Don’t let rich foods and special gatherings break your cycle of healthy living.

During this season of culinary excess, it can be challenging to stick with your healthy routine. There’s nothing wrong with a little indulgence as long as it’s kept from spiraling out of control.

Dr. Sean Hashmi, a Kaiser Permanente leader of Adult Weight Management in Southern California, says it’s important for people to remain mindful of their goals and past successes to keep them on track when temptations arise.

“Motivation is what gets you started. But habit is what keeps you going and ensures your success,” Hashmi says. “It’s just food. You want to take care of yourself by making sure to practice the other things that set you up for success.”

At family gatherings and parties, Hashmi says it helps if you have a few family members or friends there to help you resist those temptations.

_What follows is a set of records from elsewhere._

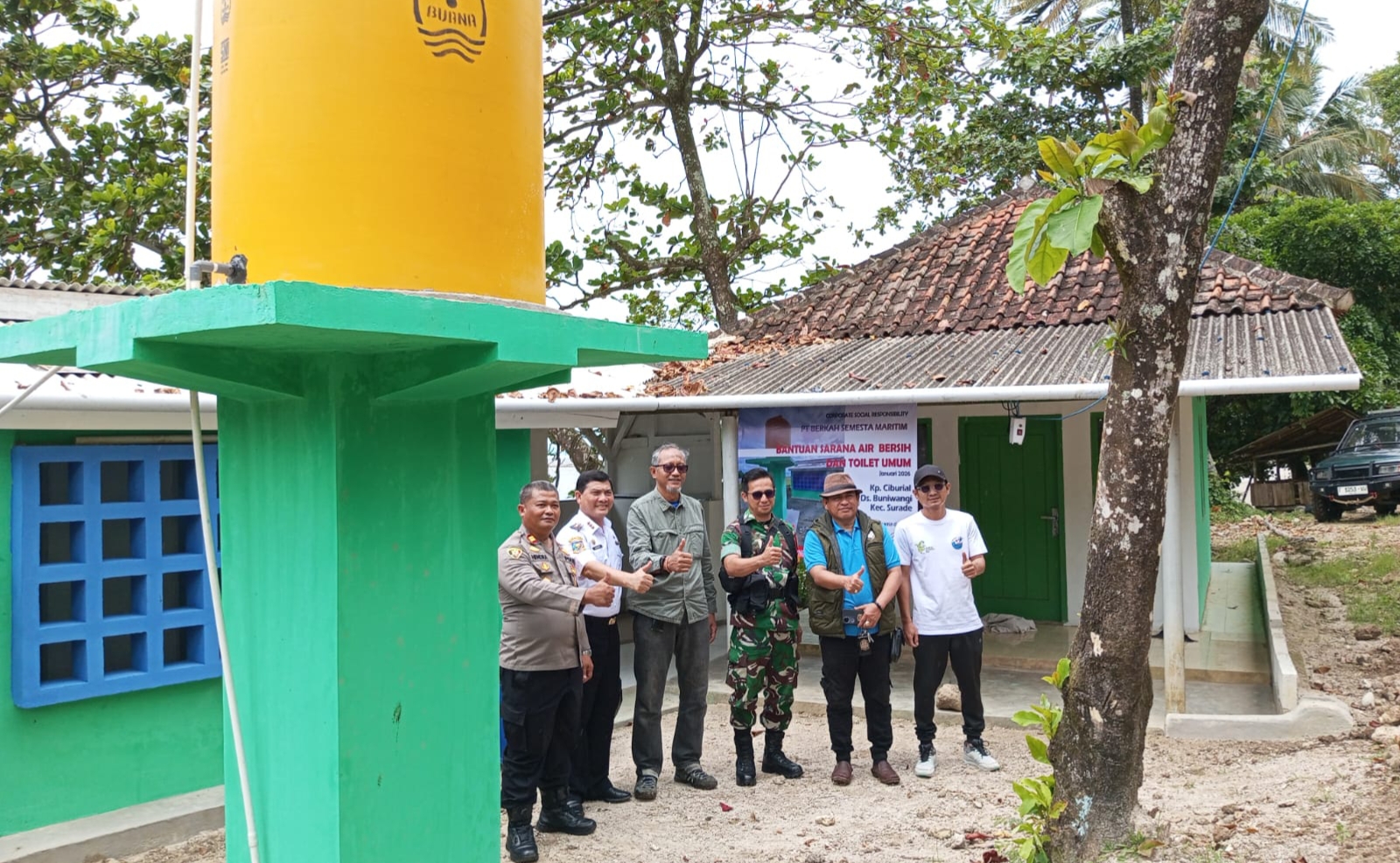 Selain bedah rumah, PT BSM juga membangun fasilitas air bersih berupa sumur bor, bak penampung, dan toilet untuk mushola di kawasan pesisir Pantai Minajaya, Kampung Ciburial, Desa Buniwangi.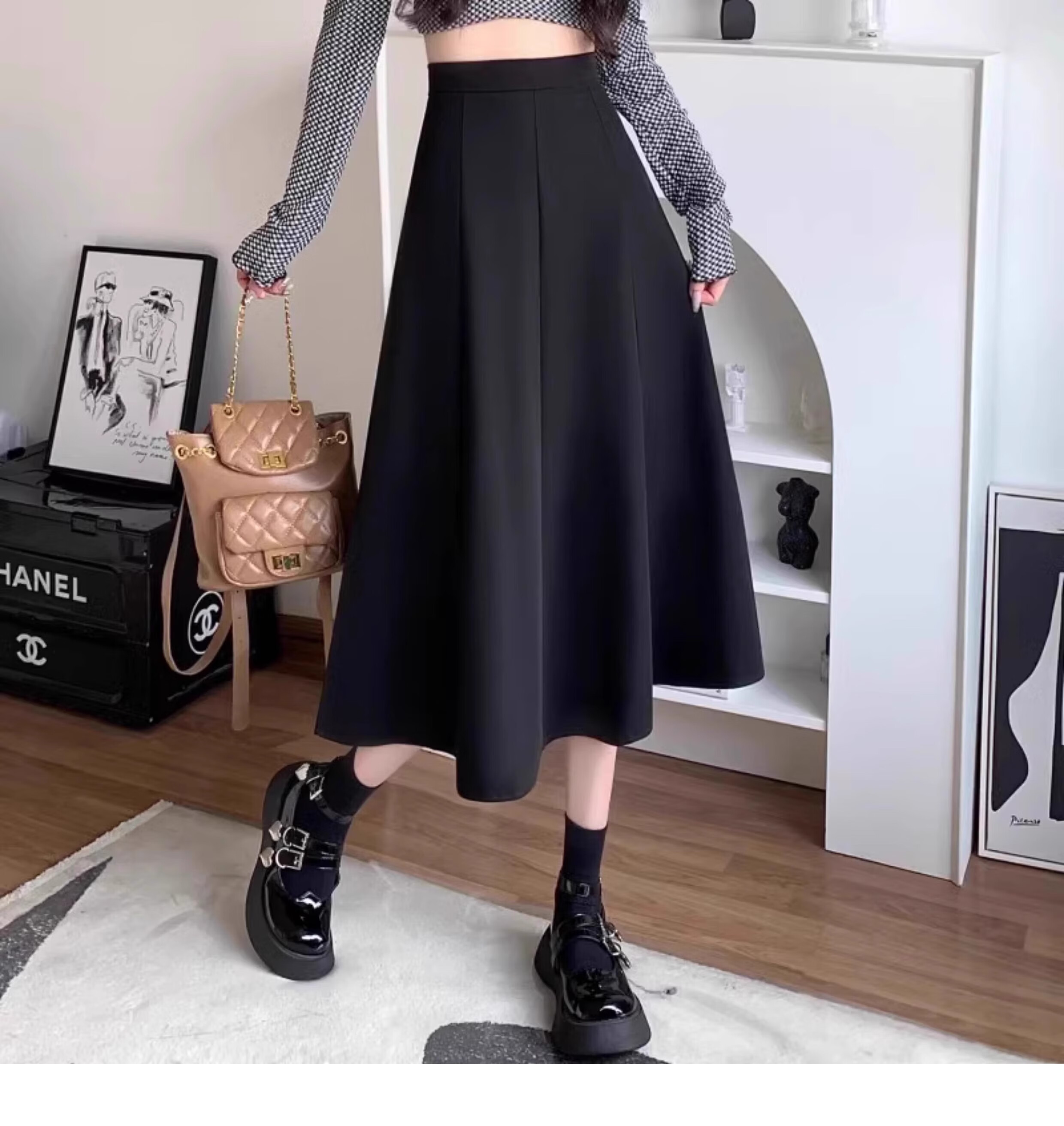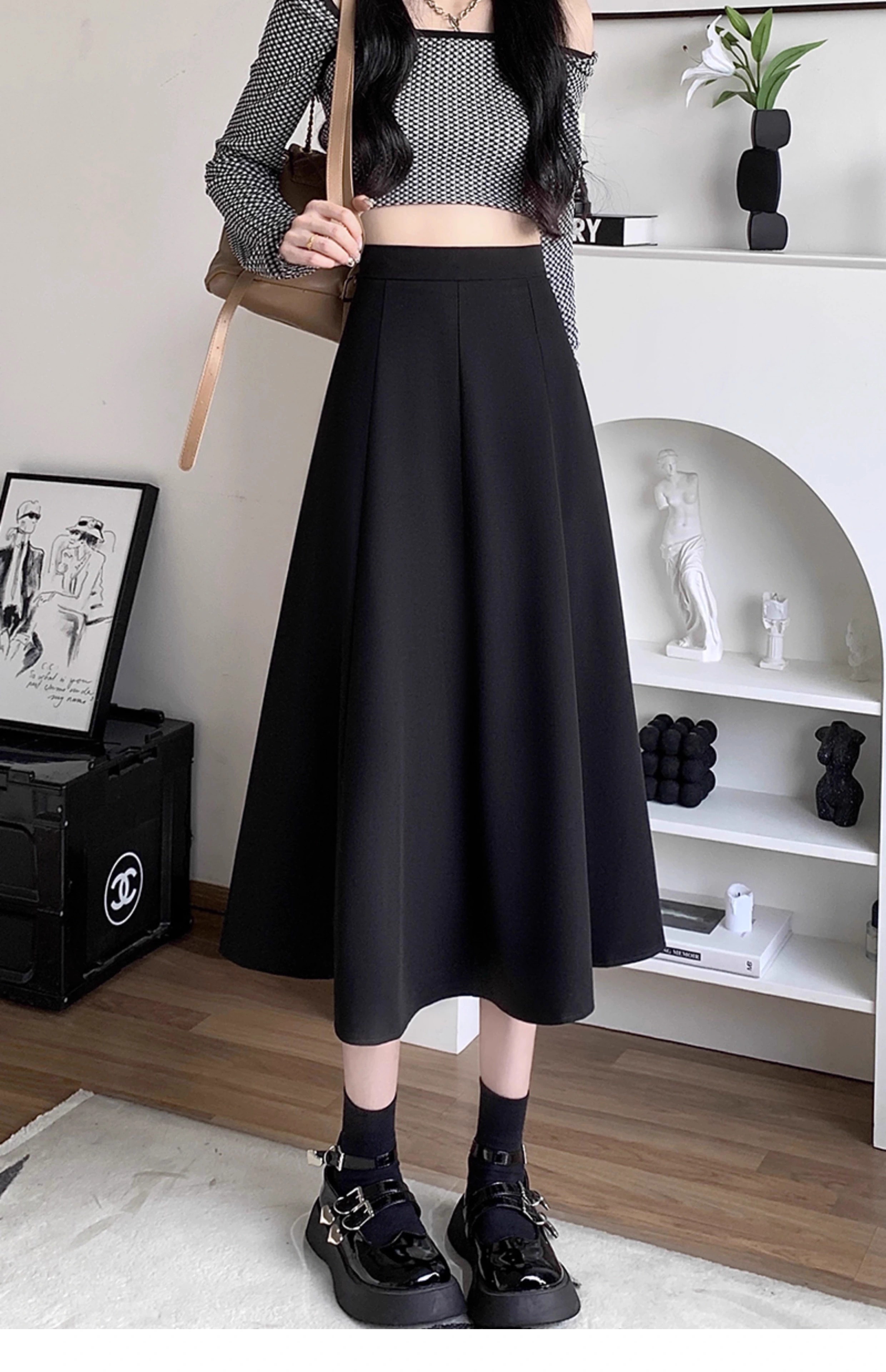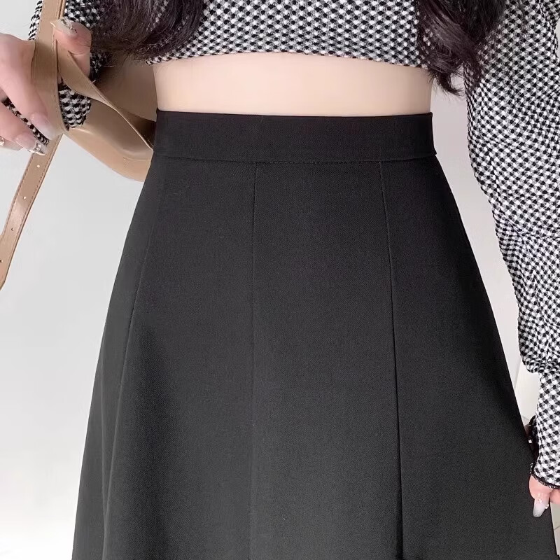 Kim Il-man's long skirt with long skirt for women, medium-length umbrella skirt, high-waisted A-line wear, drapey pear-shaped suit body shape, spring and autumn, black, regular M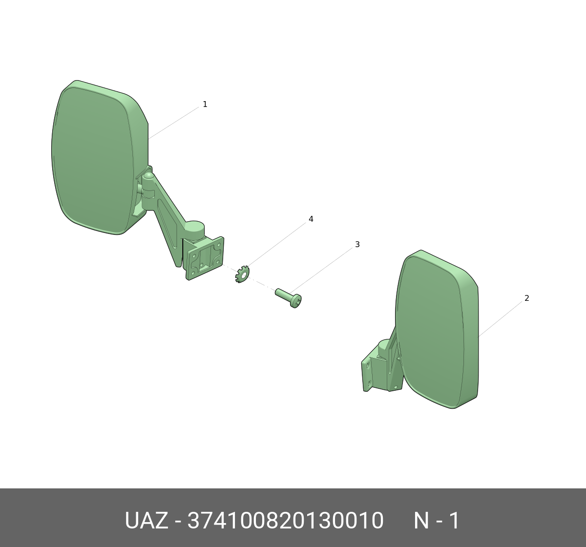 374100820130010 UAZ UAZ Зеркало боковое УАЗ-3741,452 в корпусе ГАЗЕЛЬ правое (короткий кронштейн) (ОАО У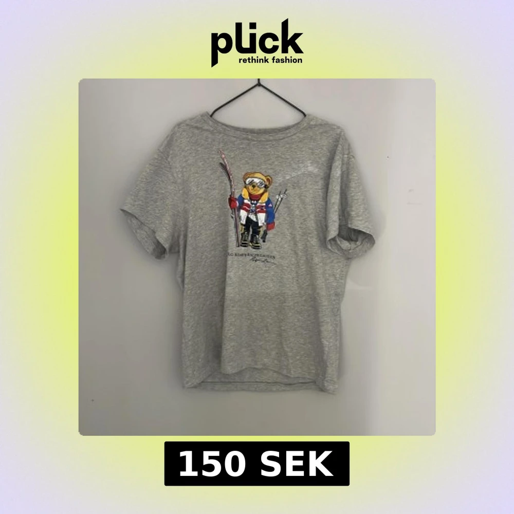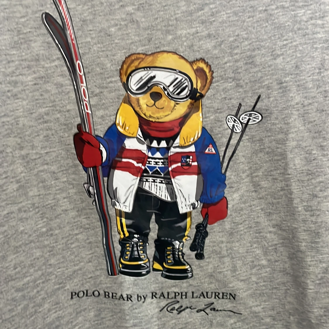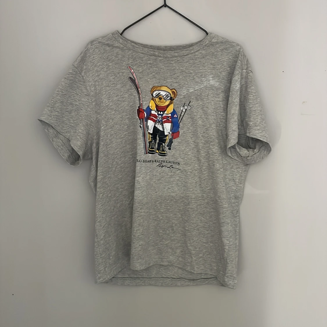 Säljer en grå t-shirt från Ralph Lauren med en cool Polo Bear-tryck på magen tröjan är i ett topp skick. Passar som en vanlig M i storleken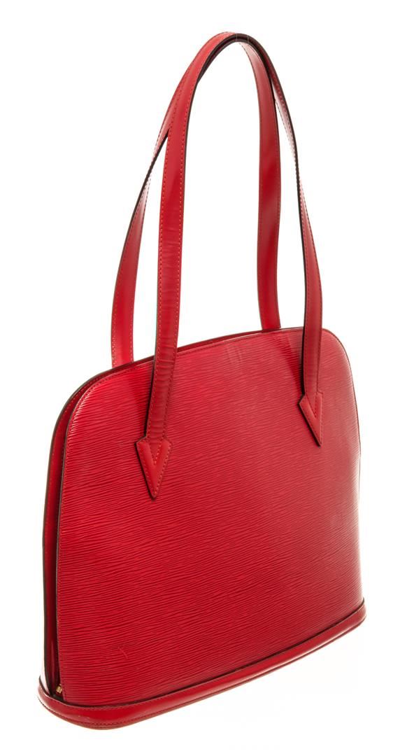 One Louis Vuitton Red Epi Leather Lussac Shoulder Bag. Item is sold AS-IS. All available information is listed in the description and shown in the photo. louis vuitton red epi leather lussac shoulder bag with gold tone hardware, adjustable strap. Height: 30.48 cm (12 in), Width: 36.83 cm (14.5 in), Depth: 11.43 cm (4.5 in)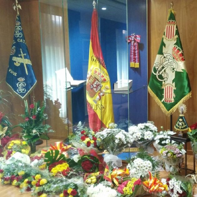 La Guardia Civil en Catalunya ha rechazado durante las últimas semanas los claveles que manifestantes independentistas les han ofrecido en sus acciones de registro, una actitud que contrasta con la información que este mismo sábado ha difundido el Ministerio del Interior, que ha dado a conocer que la sede de la VII Zona de la Guardia Civil en Barcelona -el cuartel de la Travessera de Gràcia- ha aceptado ramos de flores, eso sí, engalanados con banderas españolas.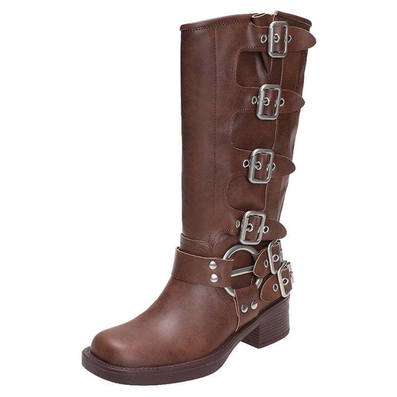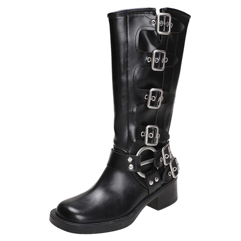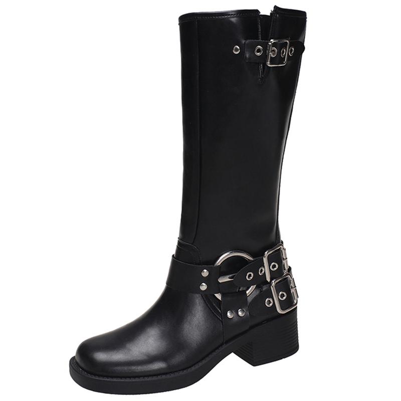 Модные сапоги до колена с металлической пряжкой и квадратным носком, женские черные панк-сапоги из искусственной кожи, женские, осень 2024, толстые каблуки, мотоциклетные сапоги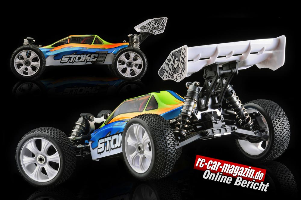 Ein gutes Beispiel für solch ein Rundum-Sorglos-Einsteigerset ist der 4WD-Elektrobuggy STOKE E im großen Maßstab 1:8. Er stellt einen guten Kompromiss zwischen einem Hochleistungs-Wettbewerbsbuggy und einem problemlosen Fahrzeug für den Einsteiger dar.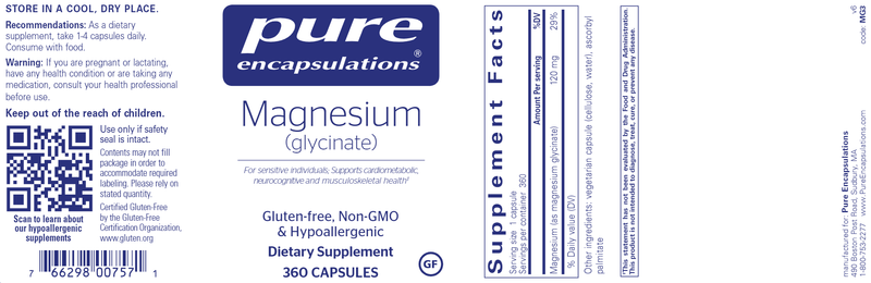 Magnesium (glycinate) is a highly bioavailable magnesium chelate, which supports the metabolism and utilization of carbohydrates, amino acids, and fats. Magnesium (glycinate) helps activate enzymes for physiological functions including cardiac health.*

“It can be hard to say no, especially when we’re facing large groups of loved ones and friends,” Hashmi says. “There is strength in numbers. That’s why it’s important to have somebody on the same team as you.”

SELF principle

Set yourself up for success with these simple tips:

 

SLEEP: Get at least seven hours and try to wake and go to bed at the same time every day.

 

EXERCISE: Get 30 minutes a day, preferably in the morning or midday to kick-start your metabolism.

 

LOVE: Have feelings of gratitude for everything you have, do and give.

 

FOOD: Make vegetables and lean protein the priority in your diet.

 

Source: Dr. Sean Hashmi

Hashmi promotes practicing gratitude and mindfulness, which help people remain focused on what’s important and resist temptation and the desire to overindulge.

“Part of overeating is not being mindful,” he says, adding that incorporating meditation and mindfulness will make you more aware of your environments and “those moments when you are weak.”

One practical application he suggests is loading half your plate with salad and eating it first to cut back on the things that aren’t so healthy. He also cautions against being too hard on yourself for overeating or occasionally eating the wrong things.

“If you eat unhealthy food, you don’t have to beat yourself up about it,” Hashmi says. “Most of the diseases in life don’t occur because you had one big, bad family meal. They occur because of years of unhealthy behavior. When people beat themselves up over one mistake it jeopardizes their success.

“Don’t get caught up in the blame game. Negative talk is very self-destructive. It’s the holiday season. Part of healthy living is happiness and joy,” he says.

Large social settings lead to distractions, which can result in overeating or drinking. Holiday foods often combine sweets, salt and fat in a way that approaches what nutrition scientists call “the bliss point,” making them addictive and easy to consume, especially when you’re engrossed in great conversation.

“It’s amazing how we’re able to do things that normally the brain would signal us not to do,” Hashmi says. “The trick is to be in the moment. Don’t try to multitask. When you multitask it’s easy to forget where the focus should be.”

For the big holiday meals, Hashmi suggests taking the family on a group walk before the meal to help everyone be mindful and create stronger bonds between those in the group.

Holiday exercise tips

Everyday items and simple actions can help you stay fit regardless of the weather or your location. Use some of Dr. Sean Hashmi’s tips to keep active during the holidays:

 

Chair squats: The action of sitting in a chair replicates a portion of the squat exercise. Go from standing to sitting in a chair. Slowly lower yourself in the chair to impact the muscles in the thighs and core.

 

Wall pushups: Slow, gentle pushup motions against a wall, or counter if you need more resistance, help develop the upper body.

 

Calf raises: Waiting in line for a Black Friday deal or for the microwave to warm up lunch? Do calf raises to proactively pass the time.

 

Walking: Try to get in 10,000 steps a day, roughly five miles.  Park farther away from entrances and take the stairs when  you can. The simple act of regular walking helps maintain  a healthy weight and manage chronic conditions like heart  disease, high blood pressure and Type 2 diabetes.

 

Interval training: During your walks, alternate between a  regular and quicker pace to increase the calories you burn.